Locally propagated mammary gland cancer Treatment Method. The invention is referred to oncology as a method of locally propagated mammary gland cancer treatment. The method consists of the pre-surgery gamma-ray therapy with the preceding intratumoral Arglabin injection, 2 mg/cm3 tumor volume twice a week within 4-5 weeks. Arglabin injections lead to the enhanced treatment efficiency.

Description

The Method of Treatment of Locally Propagated
Mammary Gland Cancer
The invention presented is referred to oncology, namely to the possible ways to treat patients with locally propagated mammary gland cancer. Chemotherapy is known as the method of cancer treatment. For the chemotherapy as an independent medical course a single (monochemotherapy) or several (polychemotherapy) drugs are usually applied. However, all known and widely applied drugs are of low antitumoral activity and have numerous negative after-effects (leucopenia, anemia, thrombopenia, immunity depression, etc). Just a minimal increase in human longevity is identified in case of chemotherapy in the treatment of locally propagated mammary gland cancer (Blokhin N.N., Perevodchikova N.I. Chemotherapy of Tumor Diseases. M., Medicine Publ., 1984). The method of locally propagated mammary gland cancer treatment consisting of pre-surgery gamma-ray therapy and following radical surgery is the most similar to the invention presented.

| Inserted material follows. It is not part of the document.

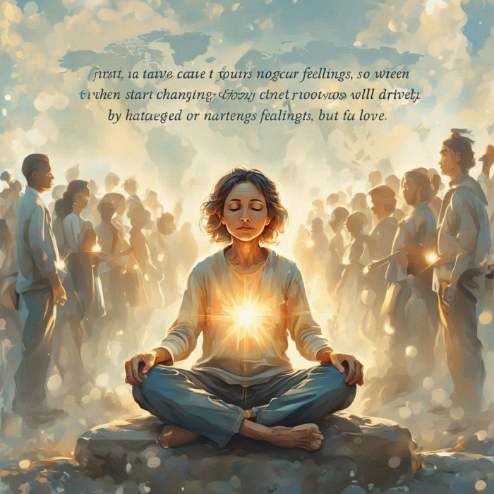 Nemojte tražiti od svijeta da se pro -mijeni-promijenite prvo sebe. Tada ćete dobiti dovoljno dobar pogled na svijet da budete sposobni promi -jeniti što god smatrali nužnim da se promijeni. Uklonite prvo brvno iz svojeg oka. Ako to ne učinite, izgubit ćete pravo da mijenjate bilo koga i bilo što. Dok niste svjesni samog sebe nemate pravo dirati bilo koga, niti se upuštati u mije-njanje bilo čega u svijetu. Kada po -kušavate promijeniti ljude ili stva-ri postoji opasnost da to činite zbog vlastite koristi, ponosa, dogmatskih uvjerenja i mišljenja, ili samo zato da ispraznite svoje negativne osje-ćaje. Imam negativne osjećaje i zato se morate promijeniti tako da se ja osjećam dobro. Prvo se pobrinite za svoje negativne osjećaje tako da, kada krenete mijenjati druge, nećete biti potaknuti mržnjom ili negativnim osjećaji-ma nego ljubavlju.

The former one's drawback is low efficiency of gamma-ray therapy in case of locally propagated mammary gland cancer when the risk of tumor process generalization as sub-clinical metastases appearance is very high (Bazhenova A.P., Ostrovtzev L.D., Khakhanashvili G.M. Mammary Gland Cancer. M., Medicine Publ., 1985; Dimarsky L.Ju., Mammary Gland Cancer. M. Medicine Publ., 1980). The technical outcome of the present invention will be enhanced treatment efficiency due to the improvement of tumor regression dynamics.
The above mentioned technical outcome is achieved in the method of locally propagated mammary gland cancer treatment including the combination of gamma-ray therapy and preliminary Arglabin intratumoral injection, 2mg/cm3 tumor volume twice a week within 4-5 weeks.
An essence of the invention is as follows. The gamma-ray therapy is one of the most widely spread methods in the combined treatment of mammary gland cancer. According to the WHO (World Health Organization) experts, the effect of gamma-ray therapy strongly depends upon the tumor radio-sensitivity (approximately 50%). At the present level of tumor gamma-ray therapy development the radio-sensibilization is the most preferable method to increase the efficiency of gamma-ray therapy. However, all available radio-sensibilizing agents are insufficiently effective (oxygenation), highly toxic in effective concentrations (imidazoles), or very aggressive for the organism (high level hyperthermia, hyperglycemia). The proposed method supposes the use of a new radio- sensibilizing agent called «ARGLABIN» in combination with gamma- ray therapy. Arglabin is a biologically active sesquiterpene lactone produced from aerial part of the Sagebrush (Artemisia glabellά) growing in Kazakhstan. Arglabin is of antitumoral effect. Its radio-sensibilizing characteristics were found during its use in complex treatment of mammary gland cancer. The intratumoral Arglabin injections have promoted the gamma-ray therapy efficiency 30%, which resulted in 5.5 times reduction of tumor volume (in a number of cases the tumor 3 regression reached 100%), and post gamma-ray therapy III-IV grades pathomorphosis was observed in 64%.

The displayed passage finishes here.